We had already reported that pre-emptive skin treatment could reduce the severity of panitumumab (Pmab)-associated skin toxicities in Japanese metastatic colorectal cancer patients (Kobayashi Y, et al. Future Oncol, 2015). Therefore, we performed analysis to investigate whether pre-emptive skin treatment affected anti-tumor efficacy.


Patients receiving third-line Pmab-containing regimens for mCRC were randomly assigned 1:1 to pre-emptive (skin moisturizers, sunscreen, topical steroid, and minocycline) or reactive (only skin moisturizers) skin treatment. The primary endpoint was the cumulative incidence of ≥grade 2 skin toxicities during the 6-week treatment period.
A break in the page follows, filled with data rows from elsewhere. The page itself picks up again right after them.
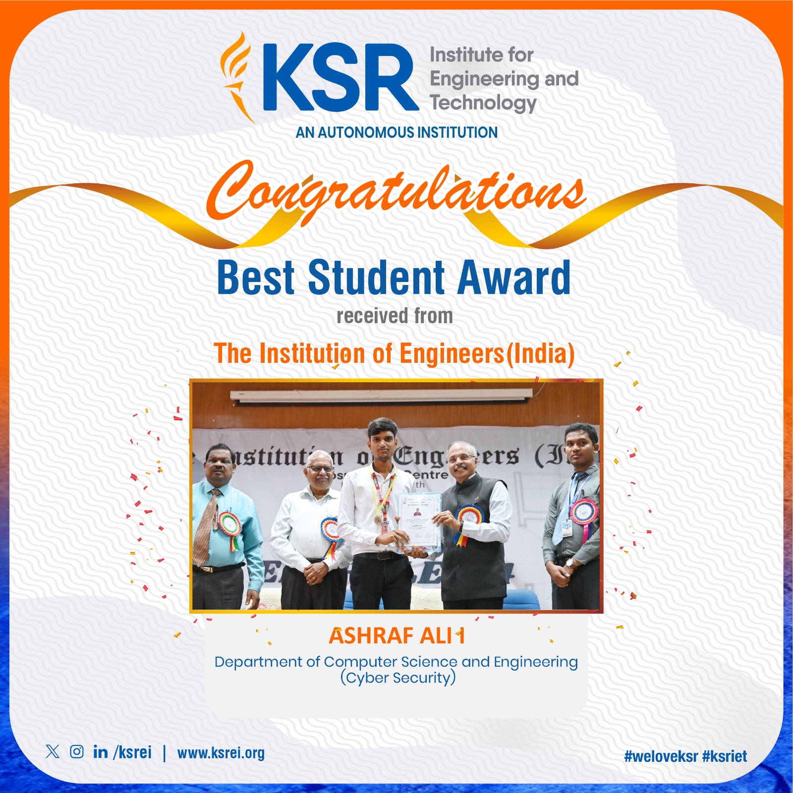 Research work is a important part of every department at K.S.R. College of Engineering. Here’s the roundup of the research work – publications, patents, Grants and programs organized by the department.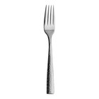 Bring a unique, modern touch to your tabletop with this the Varick Becki 8 1/8" 18/0 stainless steel heavy weight dinner fork from Steelite International! This fork is perfect for serving main entrees such as steak, chicken, or pasta. The eye-catching hammered design not only resists fingerprints and smudges but also adds a touch of sophistication to your tabletop setting, making a statement that won't go unnoticed by your guests. The high-quality mirror finish of this fork ensures that your culinary creations shine and sparkle, providing a professional and elegant touch to any dining experience.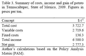 The production of the potato crop in the region of study and for the period of analysis was profitable and competitive, given that it presented positive private gains. The existing market conditions and the agricultural policy of prices during 2009 for the crop constituted an incentive for the production system, given that the mean rural price increased by 52.0%; which favored the total income and the net gain of the crop during this cycle. The above indicates that potato production is and can continue to be a profitable alternative for the producers, and that production technology should be improved to reduce costs and increase production. Improving the quality of the product and avoiding temporal excesses of supply could increase the prices received by the producer.
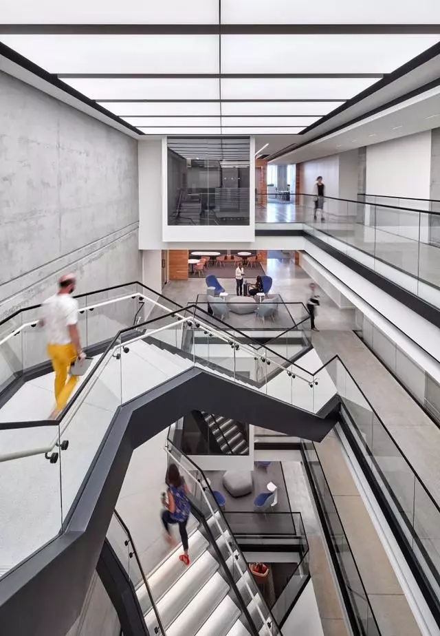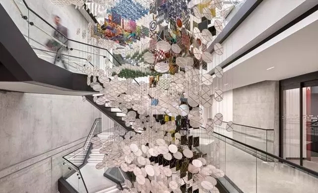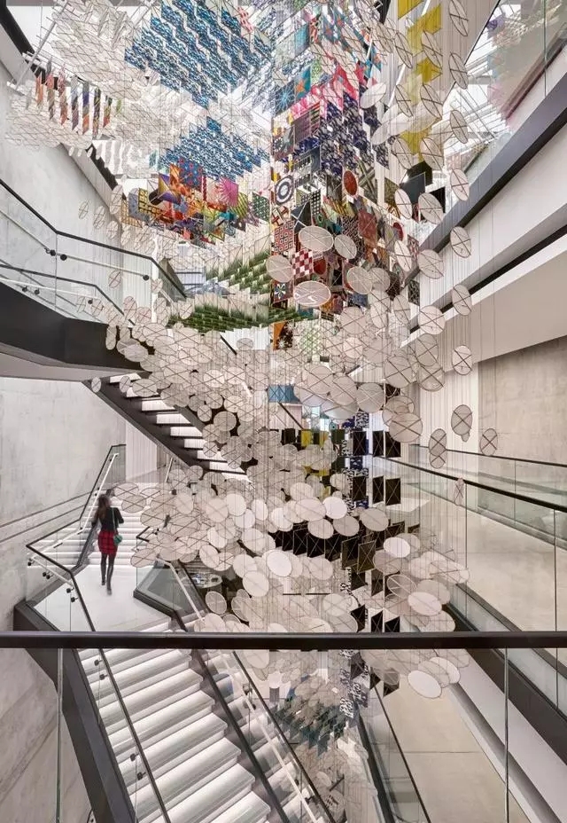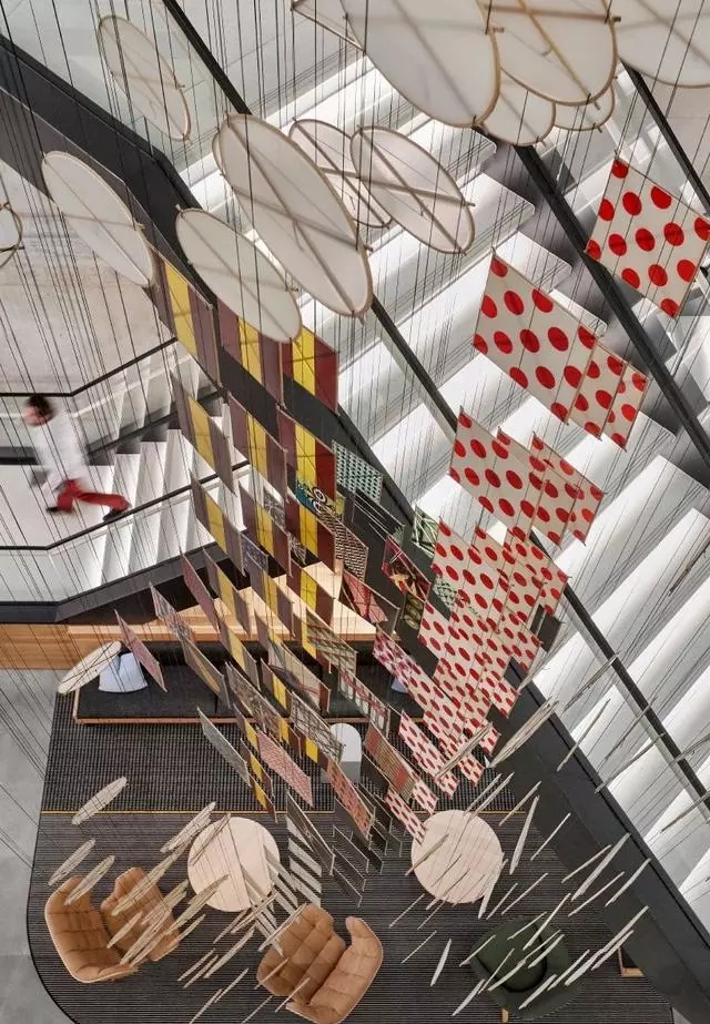 麥當勞總部芝加哥一個充滿活力的長廊布局像博物館或畫廊空間每個總部的九個故事都被設想為一個逐層展開的“篇章”。建筑物中央中庭的多向樓梯提供了醒目的焦點和休閑互動的大道,同時也創(chuàng)造了一種在許多方向向前移動的ESCHER-ESQUE感覺。在這里,JACOBHASHIMOTO的巨型藝術作品向下瀑布,包括數(shù)百個他的標志性微型“風箏”。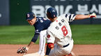 [OSEN=부산, 이석우 기자] 3일 부산 사직구장에서 2023 신한은행 SOL KBO리그 롯데 자이언츠와 두산 베어스의 경기가 열렸다. 두산 베어스 김재환이 6회말 2사 좌전 안타를 친 롯데 자이언츠 전준우를 2루에서 잡고 동료들의 축하를 받
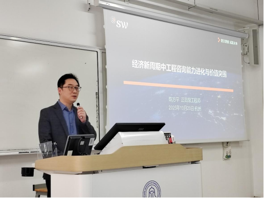 日前,我院特邀建信永中和工程管理有限公司合伙人、杭州分公司负责人、教授级高工陈方平先生,为师生带来题为《经济新周期中工程咨询能力进化与价值突围》的专题演讲。陈方平教授系统阐述了当前工程咨询行业的发展现状,深入剖析了新经济周期下面临的挑战与信永中和的应对策略,并结合自身经验,就大学生提升职场胜任力、养成终身学习习惯以及增强经济周期适应能力等方面提出了宝贵建议。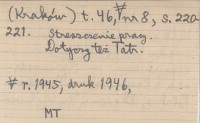 Sprawozdania z Czynności i Posiedzeń Polskiej Akademii Umiejętności (Kraków) , T. 46 (1945, druk 1946), nr 8: 220-221. Dotyczy też Tatr. Streszczenie pracy.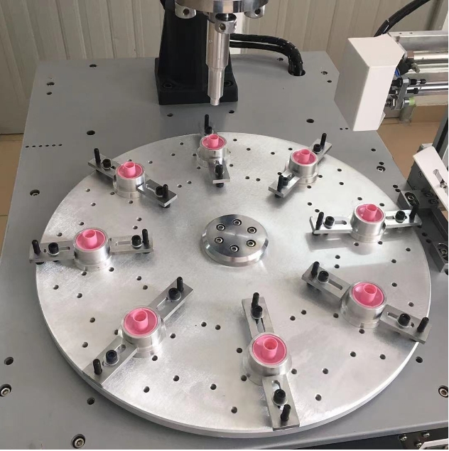 我厂研发的这款超声波塑焊转盘机是集自动焊机、焊接曲线实时显示、品质管控、自动卷膜、自动下料、自动分拣等为一体的超声波应用集成设备,主要应用于超声波塑料焊接。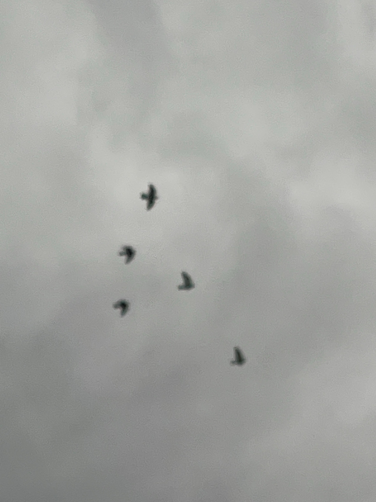 The image depicts five birds in flight against a grey, overcast sky. The birds are silhouetted and appear small in the frame, suggesting they are at a distance. The background is a uniform grey, indic…read more
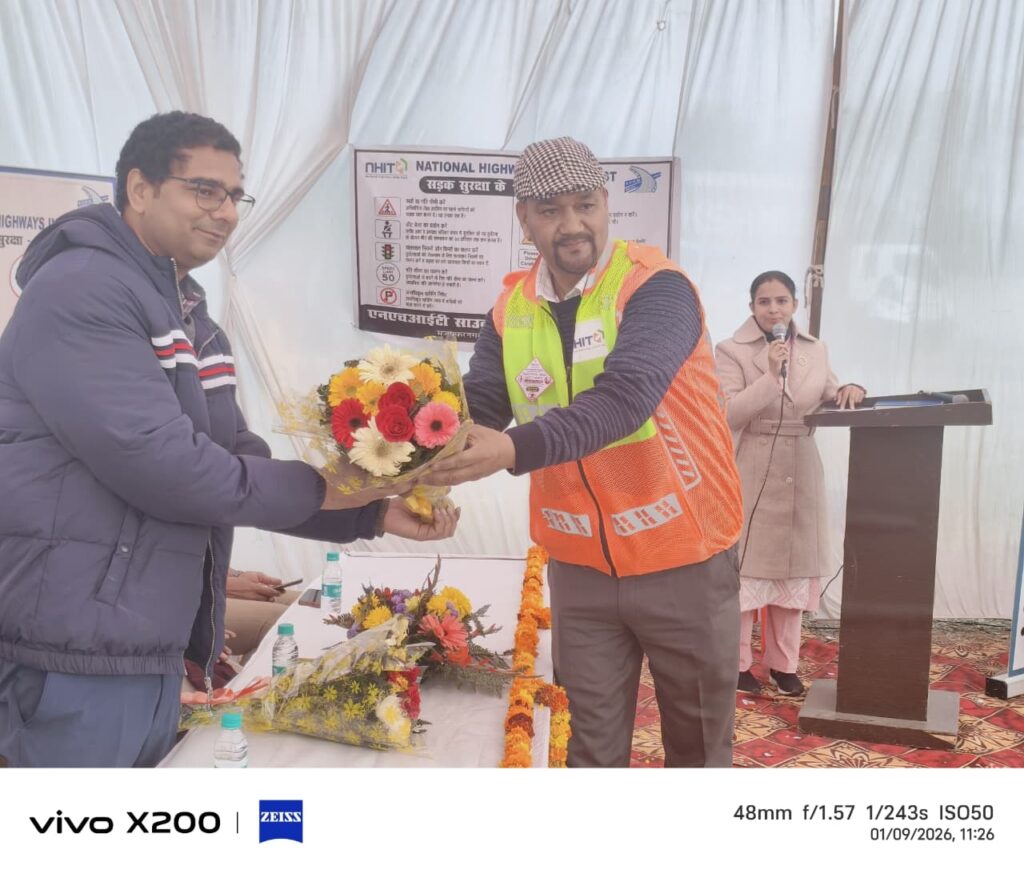 एनएचएआई प्रोजेक्ट मैनेजर अतुल शर्मा ने अवगत कराया है कि 37वें राष्ट्रीय सड़क सुरक्षा माह के अंतर्गत जनपद हरिद्वार में चल रहे सड़क सुरक्षा जागरूकता कार्यक्रमों के अंतर्गत आज दिनांक 9 जनवरी 2026 को सुबह 11:00 बजे ऋषिकुल ग्राउंड में राष्ट्रीय राजमार्ग प्राधिकरण रुड़की के द्वारा मुज़फ्फरनगर–हरिद्वार परियोजना (NH-334 & 34) पर अधिकृत एजेंसी NHIT Southern Projects Pvt. Ltd. द्वारा परिवहन विभाग के सहयोग से एक निशुल्क हेल्थ एवं आई चेक अप कैंप लगाया गया। जिसका शुभारंभ एक 3 वर्षीय बालिका हरिश्री खंडेलवाल के हाथो से कराया गया। श्री विशाल गोयल, परियोजना निदेशक, भारतीय राष्ट्रीय राजमार्ग प्राधिकरण, पी आई यू – रुड़की एवं एन एच आई टी प्रोजेक्ट मैनेजर श्री संतोष साईं जी द्वारा कार्यक्रम में परिवहन विभाग से उपस्थित सहायक सौभाग्य परिवार अधिकारी से निखिल शर्मा, के सी पलारिया, श्रीमती नेहा झा व श्रीमती वरुणा सैनी का सम्मान किया गया एवं उपस्थित सभी वाहन चालकों का स्वागत करते हुए यातायात नियमों से संबंधित जानकारी दी एवं सभी को अपनी स्वास्थ्य को लेकर बरती जाने वाली सावधानियां के बारे में अवगत कराया। आज के कार्यक्रम में हेल्थ चेकअप के लिए आई डॉक्टर्स की टीम जया मैक्सवेल हॉस्पिटल बहादराबाद एवं आई चेक अप के लिए नेत्रधाम हॉस्पिटल की टीम द्वारा सभी ऑटो व ई-रिक्शा चालको एवं बस चालको कि जाँच की गयी। आज के कैम्प में लगभग 11:00 बजे से 2:00 तक लगभग 180 लोगो की आँखों एवं स्वास्थ्य संबंधी जाँच की गयी।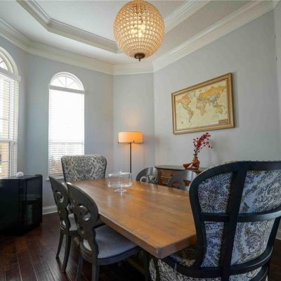 Built-in Features, Ceiling Fan(s), Coffered Ceiling(s), Crown Molding, Dry Bar, Eating Space In Kitchen, High Ceilings, Kitchen/Family Room Combo, Open Floorplan, Primary Bedroom Main Floor, Split Bedroom, Stone Counters, Thermostat, Tray Ceiling(s), Walk-In Closet(s), Window Treatments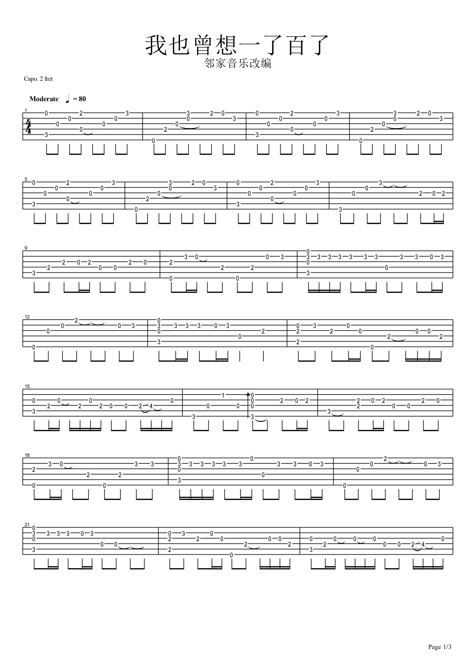 中岛美嘉《曾经我也想过一了百了》吉他谱,邻家音乐编配出品,共有3张高清图谱。...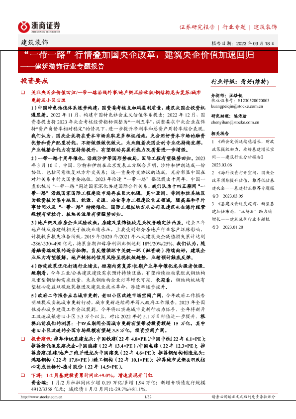 【浙商证券】【20230318】建筑装饰行业专题报告:“一带一路”行情叠加国央企改革,建筑央企价值加速回归-32页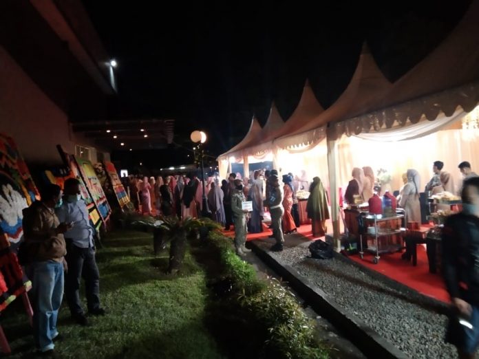 Lanjutannya, Di Dalam ruangan acara, jumlah tamunya masih memenuhi ketentuan yang berlaku yakni dibawah 25 persen dari jumlah daya tampung ruangan, hanya kerumunan diluar gedung yang tadi kita urai, termasuk penutupan pintu gerbang masuk supaya tamu tidak lagi masuk ke area gedung acara.

In this analysis, we compared the two groups for anti-tumor efficacy on the final survival data.


Of 95 enrolled patients, 47 were assigned to pre-emptive, and 48 to reactive treatment. The incidence of ≥grade 2 skin toxicities during the 6-week treatment period (investigators' assessment) was 21.3% and 62.5% (risk ratio [RR], 0.34; 95% CI, 0.19 to 0.62; P < 0.001) for the pre-emptive and reactive treatment groups, respectively. A similar trend was observed in central review (18.6% and 50.0%, respectively [RR, 0.37; 95% CI, 0.19 to 0.74; P = 0.002]). On the final survival analysis, there were no statistical differences in overall response rate (13.3% vs 18.2%; P = 0.530), progression free survival (3.6 vs 4.0 months; hazard ratio [HR], 1.270; 95% CI, 0.833 to 1.938; P = 0.267), overall survival (8.2 vs 12.1 months, [HR, 1.150; 95% CI, 0.754 to 1.755; P = 0.515]) between pre-emptive and reactive treatment groups.


Pre-emptive skin treatment could reduce the severity of skin toxicities during Pmab treatment. On the final survival analysis, pre-emptive skin treatment did not affect the anti-tumor efficacy of Pmab. Our data clearly validate that pre-emptive treatment can also be recommended in Japanese patients. This analysis had been presented at the European Cancer Congress 2015 (Kobayashi Y, et al. Abstract number was 2 094).

Clinical trial identification



Y. Komatsu: Honoraria: Yakult Honsha Co., Ltd., Takeda Pharmaceutical Co., Ltd. Research fund: Yakult Honsha Co., Ltd., Daiichi Sankyo Co., Ltd., Takeda Pharmaceutical Co., Ltd. Y. Sakata: Honoraria Daiichi Sankyo Co., Ltd. Yakult Honsha Co., Ltd. All other authors have declared no conflicts of interest.